Cisco kit sells because it all runs IOS, and finding people with Cisco qualifications who can write / edit / troubleshoot the config files, which are the files that tell the IOS what to do, is about as hard as finding a web designer, worst case scenario is there are several tens of thousands available for not very much about 90 milliseconds away in Mumbai.
This, by the way, is the SOLE reason everyone loves the cloud and virtual machines, virtual machines don’t have ANY hardware, so you NEVER need a field engineer to turn up and move a patch cable, power cycle to unstick the RAM, do an actual install or upgrade, or anything else…
So, back to the plot…
It’s down to ETHOS, car brakes were basically designed so the default state was that they were off, truck brakes were designed so the default state was they were on (and it took air pressure to keep them off).. so you pressurise a car system to make it stop, and you leak pressure out of a truck system to make it stop.
Ask yourself two questions;
- Which is safest.
- Which is cheapest to make.
Suddenly everything becomes clear.
Unless you are the bit of NASA writing the actual code that directly controls the spacecraft flight hardware, or the bit of GE writing the actual code that directly controls the control rods in the nuke pile, or… and I cannot think of a third fucking example….. then option 2 always gets a look in.
Most of the time the bottom line is the bottom line.
“Good enough” (mostly)
By definition you are excluding the “one in a million” event from your calculations.
Which is great, *until* that event comes along… luckily for humanity in the sphere of my job until I fix it that means someone didn’t get their wages, someone didn’t get their stock in trade to sell, someone didn’t get a product or service that they were going to re-sell to someone else.
It can all be very serious and even life changing to the individuals concerned, but, the small print can cover that shit, nobody got killed…. fuck em…
We have had quite a few “cascade failures” in teh intertubez, they aren’t yet as serious as the power grid blackouts we have had, but then again the power grid is everywhere and literally in everything, and the net is still a relative newbie, chromebooks running exclusively on data living on a virtual machine in the cloud somewhere and 100% of fast net connectivity even to boot up into anything useful are still rare.
But the times, as Dylan said, they are a changin’

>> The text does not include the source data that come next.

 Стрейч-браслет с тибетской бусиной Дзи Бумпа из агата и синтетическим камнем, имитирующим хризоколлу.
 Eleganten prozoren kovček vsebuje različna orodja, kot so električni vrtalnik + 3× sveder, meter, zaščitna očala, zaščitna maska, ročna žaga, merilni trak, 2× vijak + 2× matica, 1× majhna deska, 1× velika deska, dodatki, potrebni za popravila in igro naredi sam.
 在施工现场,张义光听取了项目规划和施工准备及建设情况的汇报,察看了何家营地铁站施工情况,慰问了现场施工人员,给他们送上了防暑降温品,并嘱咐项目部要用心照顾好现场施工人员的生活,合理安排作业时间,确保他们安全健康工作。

I am seeing, as a result of these changes, where the 1st, 2nd and 3rd level responses to problems simply do not work, because the RAM that is stuck is not in the local machine, it is in a central machine that MUST NOT be rebooted, or worse still, in a cloud virtual machine.

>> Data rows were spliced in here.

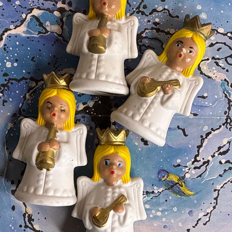 2 ældre engle stager - de har lidt brugsspor og den ene mangler indsatsen til lys,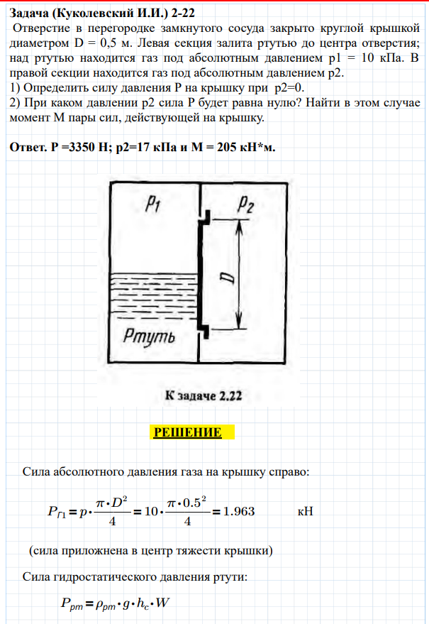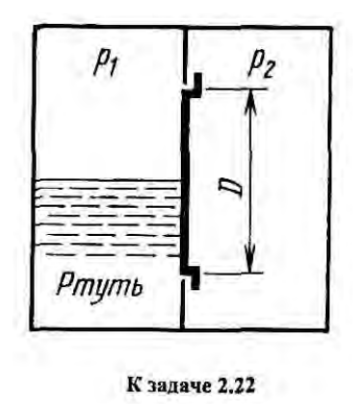 Отверстие в перегородке замкнутого сосуда закрыто круглой крышкой диаметром D = 0,5 м. Левая секция залита ртутью до центра отверстия; над ртутью находится газ под абсолютным давлением р1 = 10 кПа. В правой секции находится газ под абсолютным давлением р2.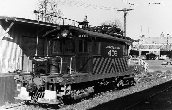 this portrait of Sacramento Northern motor 405 it rests near downtown Oroville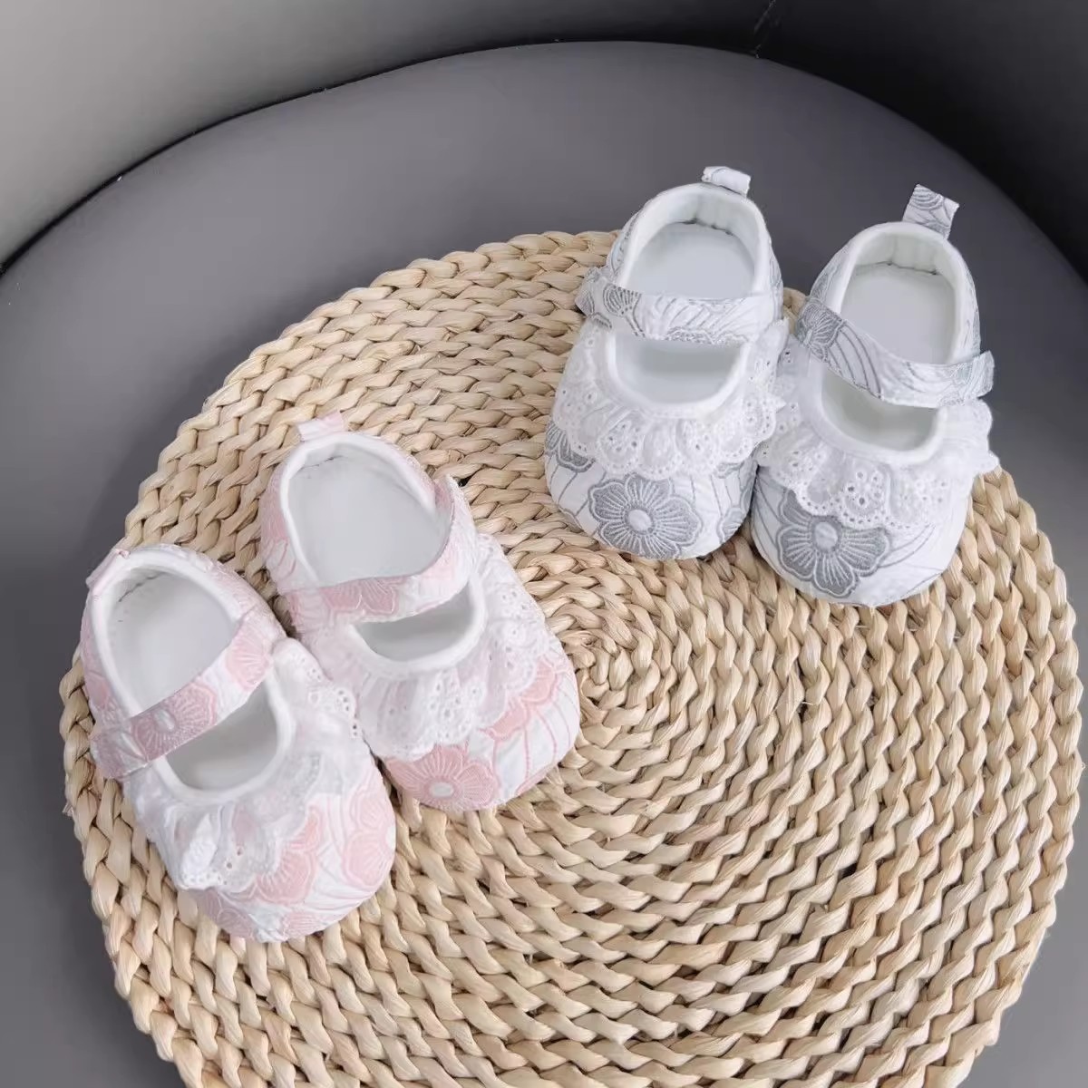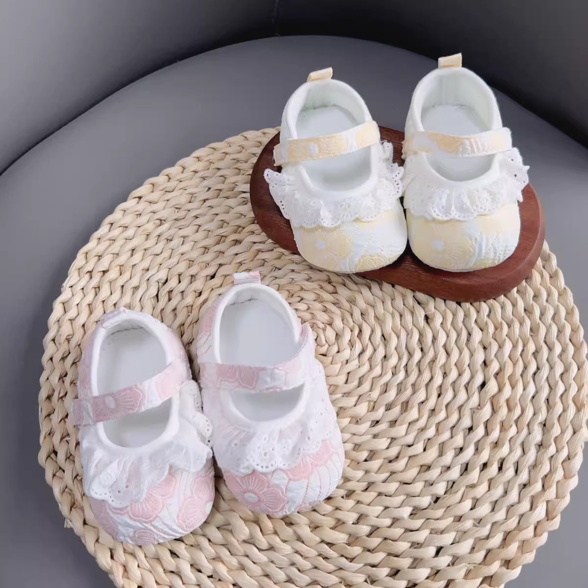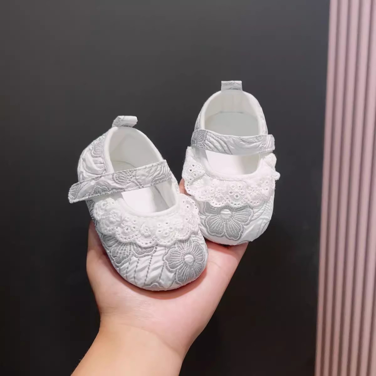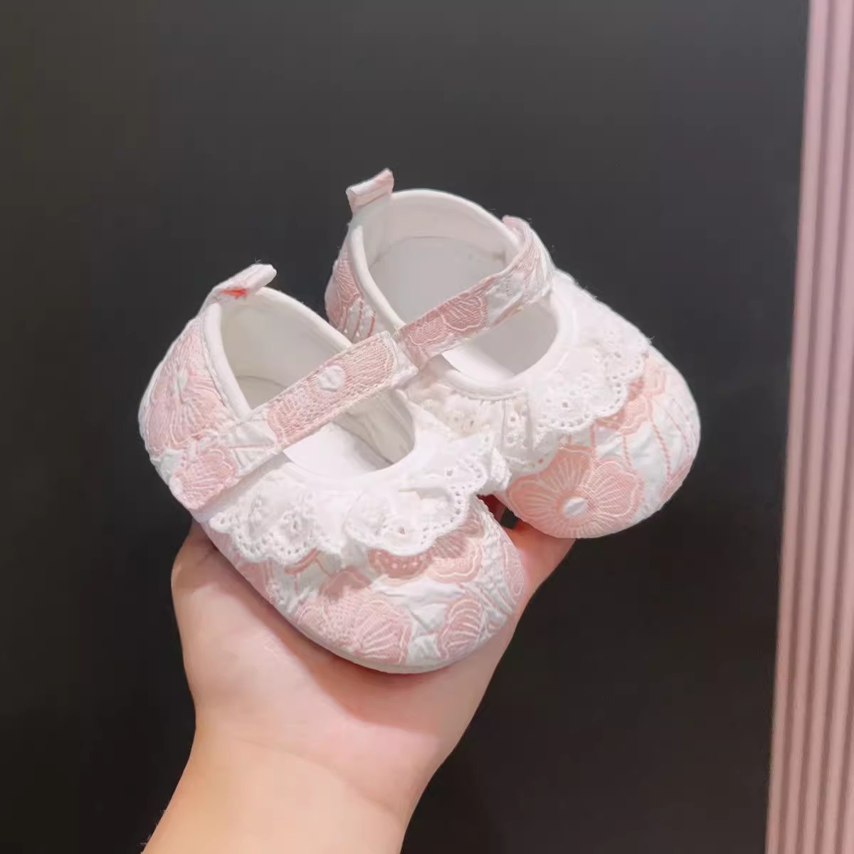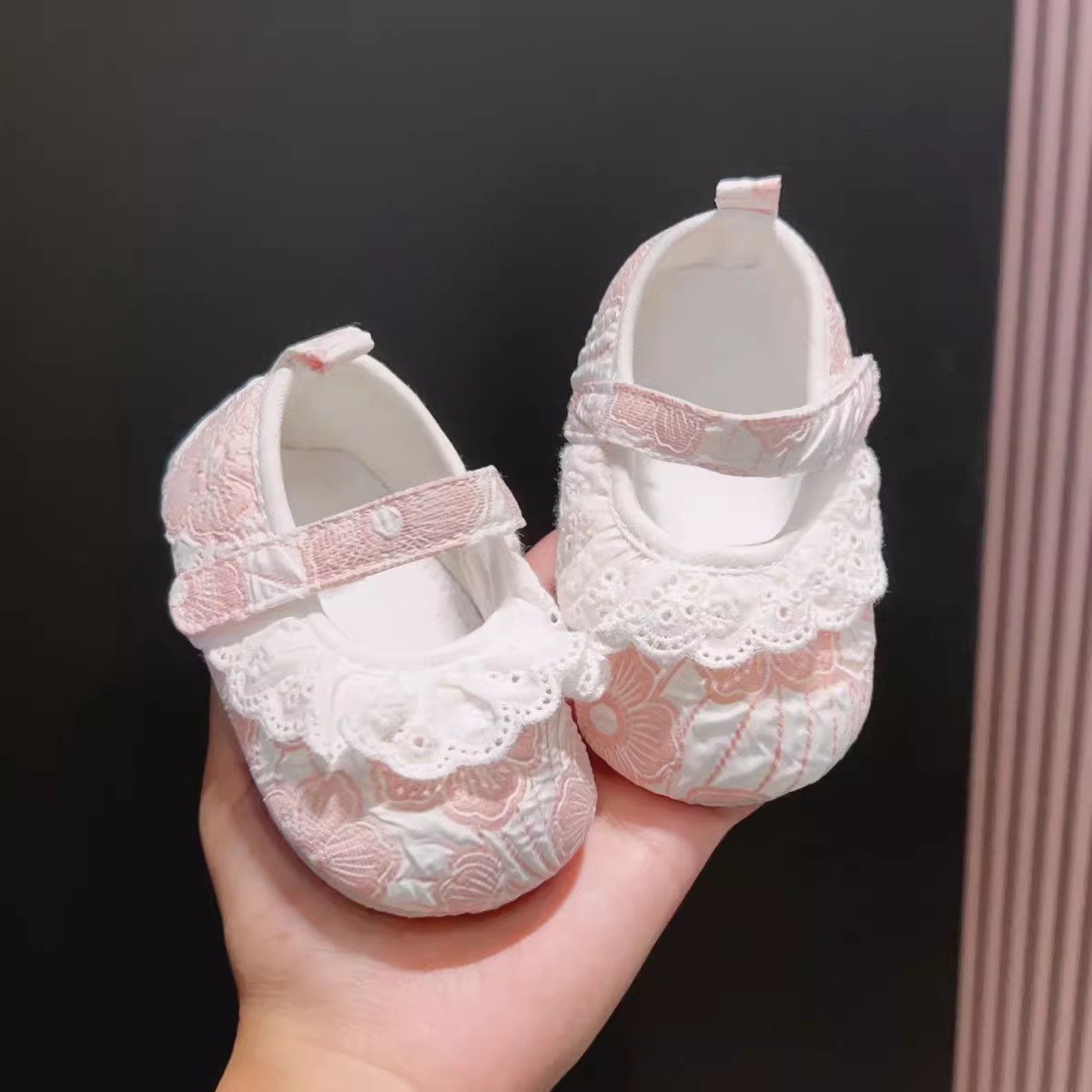 新生婴儿公主鞋软底蕾丝花边女宝宝学步春秋0-1岁防滑不掉布鞋

At that point the on the spot field engineer (me) can no longer just ring the remote server engineer, compare notes, agree on a likely cause and course of action, and resolve the problem.
I saw this happen, in the flesh, before my own eyes, for the first time, personally, yesterday, NetApp, unfortunately there were so many levels of virtuality that the server guy couldn’t diagnose which layer or virtual RAM was stuck, or where, and there was no possibility of simply rebooting as that would take the entire enterprise down and trash that whole day’s production, which was already sold and due to be in the shops tomorrow, or changing chap/tacacs/radius logins and resetting the problem that way… no worries, a whole new virtual machine was created, problem ignored.
Fuck it, I still get paid either way.
Asking people like me about my opinion on such things, well, that would be like asking a doctor about disease, fuck that, ask the pharma marketing machine, they have their eye on the bottom line.